TASK INSTRUCTIONS: Nothing outside the stretch is wanted. Repeat exactly the lines of the listing below from the one that contains "Der Verlust von" through the one that contains "上午11点07分,祝寿活动正", both ends included.

INPUT DATA:
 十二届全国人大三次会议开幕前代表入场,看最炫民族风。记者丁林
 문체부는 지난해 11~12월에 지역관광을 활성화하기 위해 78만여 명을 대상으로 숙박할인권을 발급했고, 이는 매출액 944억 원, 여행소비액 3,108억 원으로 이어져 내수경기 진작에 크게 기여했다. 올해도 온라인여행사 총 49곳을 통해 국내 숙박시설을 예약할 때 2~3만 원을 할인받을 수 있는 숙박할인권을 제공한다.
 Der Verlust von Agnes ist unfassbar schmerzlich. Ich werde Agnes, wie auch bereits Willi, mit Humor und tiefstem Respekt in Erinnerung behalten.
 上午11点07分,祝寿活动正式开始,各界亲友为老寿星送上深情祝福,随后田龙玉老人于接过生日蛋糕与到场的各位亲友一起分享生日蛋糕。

---

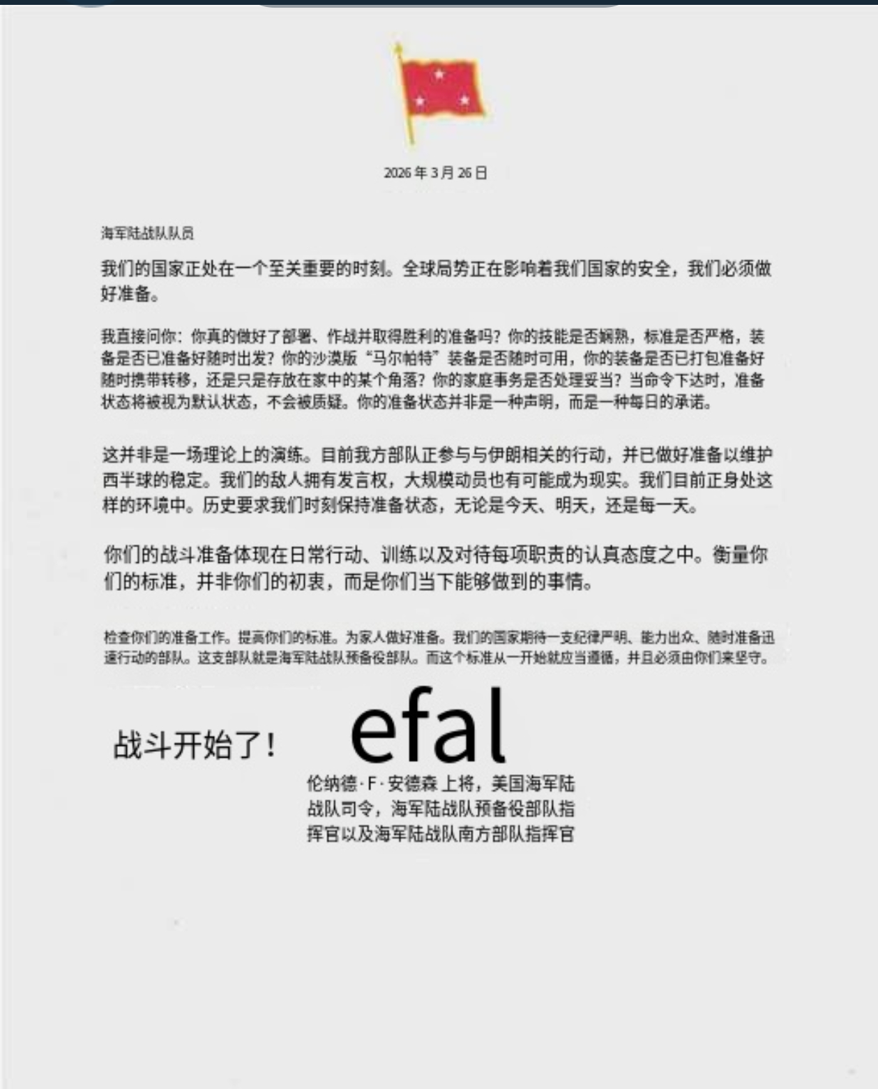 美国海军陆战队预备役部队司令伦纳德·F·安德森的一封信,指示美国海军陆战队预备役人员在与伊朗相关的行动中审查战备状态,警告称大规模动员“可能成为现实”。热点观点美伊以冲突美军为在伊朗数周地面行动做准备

* * *

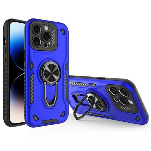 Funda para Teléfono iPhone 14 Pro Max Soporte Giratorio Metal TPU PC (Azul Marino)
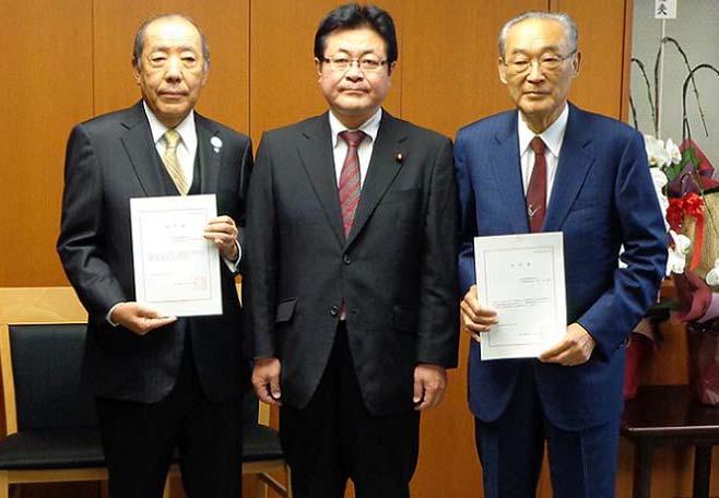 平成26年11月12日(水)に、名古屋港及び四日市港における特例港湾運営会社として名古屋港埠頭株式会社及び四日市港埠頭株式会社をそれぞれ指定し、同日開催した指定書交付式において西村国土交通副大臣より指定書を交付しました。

SOLUTION TO THIS EXERCISE:
 Der Verlust von Agnes ist unfassbar schmerzlich. Ich werde Agnes, wie auch bereits Willi, mit Humor und tiefstem Respekt in Erinnerung behalten.
 上午11点07分,祝寿活动正式开始,各界亲友为老寿星送上深情祝福,随后田龙玉老人于接过生日蛋糕与到场的各位亲友一起分享生日蛋糕。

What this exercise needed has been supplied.